If you're receiving SSDI and thinking about returning to work, the Trial Work Period (TWP) is one of the most important protections built into the program. It lets you test your ability to work without immediately losing your benefits — but the rules hinge on a specific monthly earnings threshold that adjusts each year.
Here's what that number is in 2025 and what it actually means for how the TWP works.
The Trial Work Period is a Social Security work incentive that gives SSDI recipients up to nine months to attempt working — even at substantial earnings — while still receiving their full monthly benefit. Those nine months don't have to be consecutive. SSA tracks them within a rolling 60-month (five-year) window.
The key mechanism: SSA doesn't count a month toward your TWP unless your earnings hit or exceed the TWP threshold for that month. Months below the threshold don the count — your benefits continue, and that month isn't "used up."
For 2025, the Trial Work Period monthly threshold is $1,160.
Any month in which you earn $1,160 or more gross (before taxes) counts as a TWP service month. If you're self-employed, SSA uses a different measure: either earning $1,160 or more, or working more than 80 hours in your business that month — whichever applies first.
💡 This figure adjusts annually based on the national average wage index, so it typically increases slightly from year to year. The 2024 threshold was $1,110, making the 2025 figure a modest step up.
| Year | TWP Monthly Threshold |
|---|---|
| 2023 | $1,050 |
| 2024 | $1,110 |
| 2025 | $1,160 |
Once you accumulate nine TWP months within a 60-month window, the trial work period ends. What happens next matters significantly:
But there's a buffer: the Extended Period of Eligibility (EPE). For the 36 months following your TWP, if your earnings drop below SGA in any given month, you can receive your SSDI benefit for that month without reapplying. That window provides meaningful protection against income fluctuations.
These two thresholds are often confused, but they serve different functions:
| Threshold | 2025 Amount | What It Does |
|---|---|---|
| TWP Monthly Amount | $1,160 | Counts a month as a "used" TWP month |
| SGA (non-blind) | $1,620 | Determines if benefits stop after TWP ends |
| SGA (blind) | $2,700 | Higher SGA threshold for statutorily blind recipients |
Earning above $1,160 but below $1,620 in a given month? That month counts against your nine TWP months — but wouldn't be enough to trigger a benefit cessation once your TWP is complete. Earning above $1,620 is a different matter entirely once the TWP has been exhausted.
The threshold amount is fixed by SSA, but how the TWP affects your situation depends on several layered factors:
When your TWP started. The 60-month window is rolling, not fixed from your benefit start date. If you worked a few months several years ago, those months may already be partially counted.
How you're paid. Gross wages, net self-employment income, and in-kind compensation are all treated differently. The method SSA uses to count earnings can affect whether a month crosses the threshold.
Whether work-related expenses apply. If you have a disability-related impairment that requires special equipment, transportation, or services to do your job, those costs may be deductible as Impairment-Related Work Expenses (IRWEs). This can reduce your countable earnings — potentially keeping some months below the $1,160 mark.
Your benefit type. The TWP applies only to SSDI, not to SSI. If you receive both (concurrent benefits), the SSI side follows entirely different rules around income and resources.
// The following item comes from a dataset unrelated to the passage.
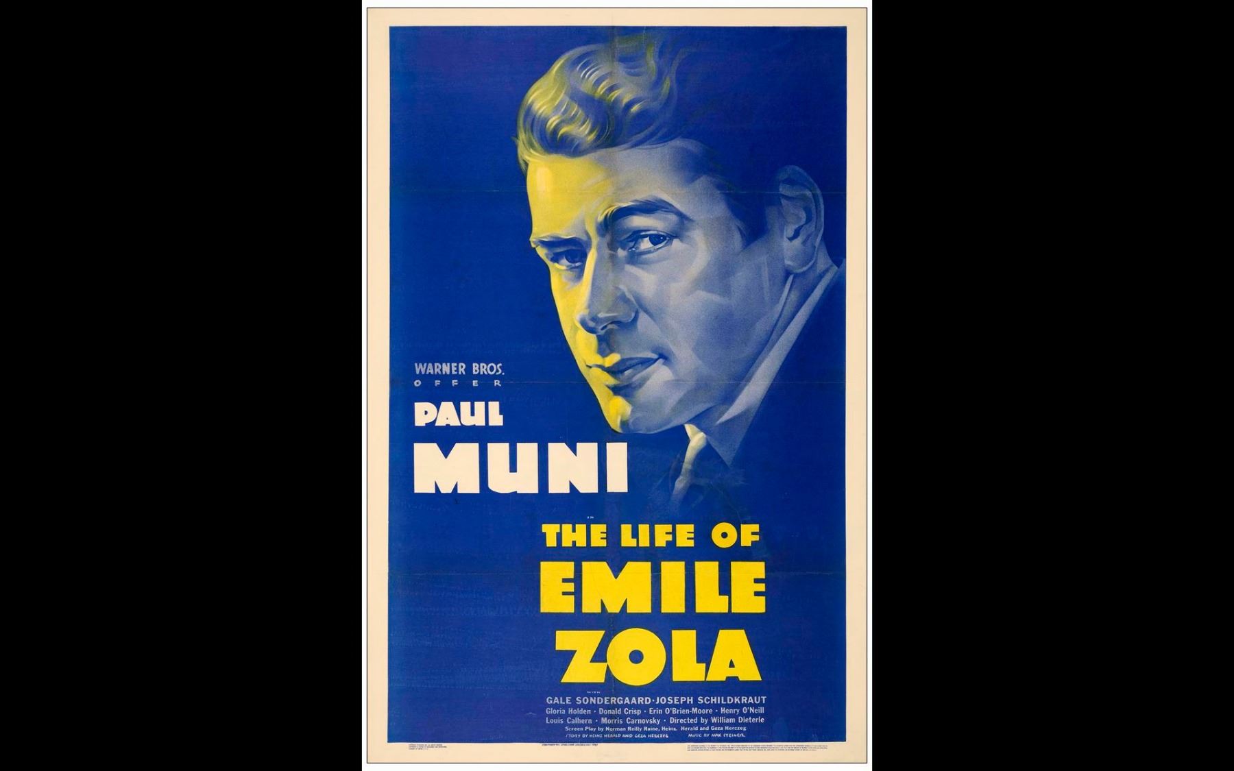 This rare poster showcases a striking portrait of Paul Muni in his Oscar-winning portrayal of the French novelist and political activist Emile Zola. As fascism was gaining ground in Europe, the film championed the ideals of truth and justice, condemning jingoistic militarism through its portrayal of Zola's efforts to exonerate the unjustly imprisoned military officer Alfred Dreyfus from Devil's Island. Hailed by contemporary critics as the most lavish biopic of its time, the movie also garnered Academy Awards for Best Supporting Actor and Best Picture.

Whether you've reported your work to SSA. Failing to report earnings during the TWP can create overpayments — one of the more serious administrative complications SSDI recipients face. SSA expects timely reporting regardless of whether your earnings cross the threshold.
One point many SSDI recipients don't realize: Medicare continues through the TWP and beyond. Even after your cash benefits stop due to SGA-level work, Medicare coverage typically continues for at least 93 months following the end of the TWP — part of what SSA calls the Extended Period of Medicare Coverage. For many people returning to work, this continuation is a significant factor in how they weigh employment decisions.
The 2025 TWP threshold of $1,160 is a concrete, public number — straightforward to look up. What's far less straightforward is how it intersects with your specific work history, how many TWP months you've already used, how your earnings are structured, and whether you're approaching or already past your Extended Period of Eligibility. Those details determine whether the TWP is still fully available to you, partially available, or already behind you.